Быстрой уверенной походкой вошел, наконец, префект Пилат Понтийский, римский


наместник Иудеи. Высокий, статный, он с презрением окинул всех холодным взглядом,
надолго задержав его на подследственном. Но облик преступника, внушавший страх и
отвращение, не заставил префекта ни побледнеть, ни выругаться в изумлении. Он лишь еще
сильнее скривил жестокие тонкие губы.

— Кто таков? — вопрос, адресованный то ли секретарю, то ли обвиняемому, повис в воздухе.

Обвиняемый поднял мрачный и одновременно бессмысленный взгляд на префекта, тяжко


выдохнул, сипло выпустив воздух и произнеся что-то вроде “Аы-ыхш”.

— Обвиняемый — бродяга, что призывал к бунту, — секретарь хотел было вскочить и отдать
Пилату свиток с делом, и уже даже привстал, но префект сам вдруг быстро и легко спустился,
подошел к столу и взял бумагу.

— Хотел разрушить Храм, — медленно вслух прочитал Пилат и удивленно посмотрел на


обвиняемого, затем небрежно бросил свиток на секретарский стол. — Как же он призывал к
этому, если он слабоумный?

Секретарь вжал голову в плечи.

— Показания некоего Иуды, подтвержденные первосвященником Ханной. И.., — секретарь


замялся, — он говорит. Он умеет говорить на неизвестном никому наречии. Его спутники
переводят его слова для толпы, — и добавил, будто оправдываясь. — У меня так записано.

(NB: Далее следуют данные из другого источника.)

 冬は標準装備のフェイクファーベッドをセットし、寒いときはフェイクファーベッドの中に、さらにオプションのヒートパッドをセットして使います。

Внезапно, будто утратив всякий интерес к секретарю, префект развернулся, подошел к


обвиняемому и еще раз внимательно его рассмотрел.

Обвиняемый был поистине омерзительным существом. Он сидел, сгорбившись на полу, и


медленно, еле заметно раскачивался, слегка тряся своею грязной со свалявшимися иссиня-
черными волосами головой. Глаза его прикрывали веки, похожие на древний пергамент, из
уголка рта стекала слюна. Стоять обвиняемый не мог просто потому, что стоять ему было не
на чем — ног не было. Из-под грязного серого хитона торчали две пары бледно-серых рук,
невообразимо длинных и, казалось, безжизненных. Одни руки находились там, где им
положено, а вот другие, по-видимому, замещали собою ноги.

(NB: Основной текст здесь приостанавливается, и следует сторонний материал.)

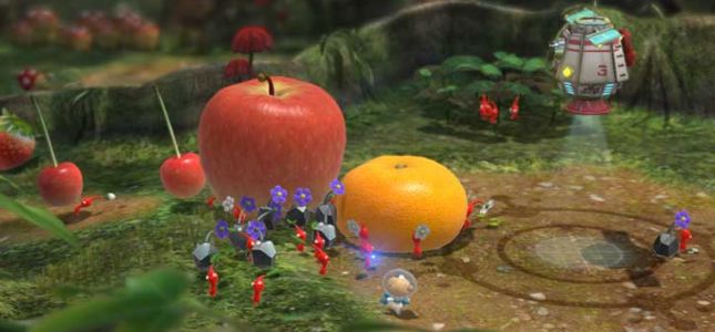 When you start the game, you’re eased into the concept of the strategy based gameplay through a tutorial process in which the ship explains new things and abilities that you discover. The overarching game concept sees you take in the help of the varying sub-species of Pikmin to progress through the story. You can call them to your side, hurl them into battle with the planet’s big mean nasties, get them to take care of constructing bridges or taring down barriers to make it through the levels, collect flower pellets and dead monster carcasses to increase their numbers and pick up the planet’s supersized fruit to keep you in stock of life giving juice.

— Кто ты? — тяжеловесно спросил префект.

Обвиняемый разлепил глаза и мутно уставился на сандалии префекта, а потом медленно


поднял взгляд вверх, пока не столкнулся глазами с римским наместником и своим судьей.

Не каждый бы выдержал гнетущий взгляд этих тёмных, почти без белков, безумных глаз. Но и
префект не был “всяким”.

— Кто ты? — повторил он, не ожидая, впрочем, внятного ответа от урода. — Зачем ты здесь?

— А’ыхр, пшы, аых Пхы, — просипел обвиняемый странным и до боли в ушах отвратительным
шепотом.

Внезапно префекту показалось, что урод не видит его, точнее видит не только его, но и что-то
еще. Глаза подследственного то и дело устремлялись куда-то поверх, а то и вовсе сквозь
Пилата.

— Пхош, аых пхош, аых Пхы…

Префект еще около минуты изучал подследственного, ощущая странное и все нарастающее
желание выхватить у стражника меч и зарубить этого…

— Этого, — Пилат медленно поднял руку и зачем-то указал пальцем на урода, — повесить на
крест. Но не веревками, — префект сделал паузу. — Прибить гвоздями.
***

К полудню на горе возвышались три столба. По бокам висели два известных мятежника и
смутьяна, подбивавших иудеев к бунту и сполна заслуживших смерти. Они были привязаны за
руки к Т-образным перекладинам. Поначалу они ногами опирались на специальную
деревянную ступеньку, но потом, потеряв на беспощадной жаре сознание, обвисли на
веревках безжизненными мешками.

В центре, на неком подобии равностороннего креста, повернутом под углом к земле, висел
слабоумный пророк. Все четыре его руки были прибиты в разных местах к дереву, но, как
вспоминали потом легионеры, это не производило на преступника никакого впечатления,
будто он и вовсе не чувствовал боли…

Мухи и слепни не садились на него, плотно облепив двух других. А тот, вытянув длинную шею,
медленно водил головой из стороны в сторону и рассматривал страшными выпученными
глазами присутствующих, что-то шептал. Наблюдающие за казнью, а это были легионеры,
представители царя Ирода и начальник тайной службы, посланный префектом, ёжились и
старались лишний раз не встречаться взглядом с безумцем.

А вдалеке, за вторым кольцом стражи, стояли и безучастно глядели на происходящее


последователи слабоумного пророка. И впереди всех книжник Левий Матфей.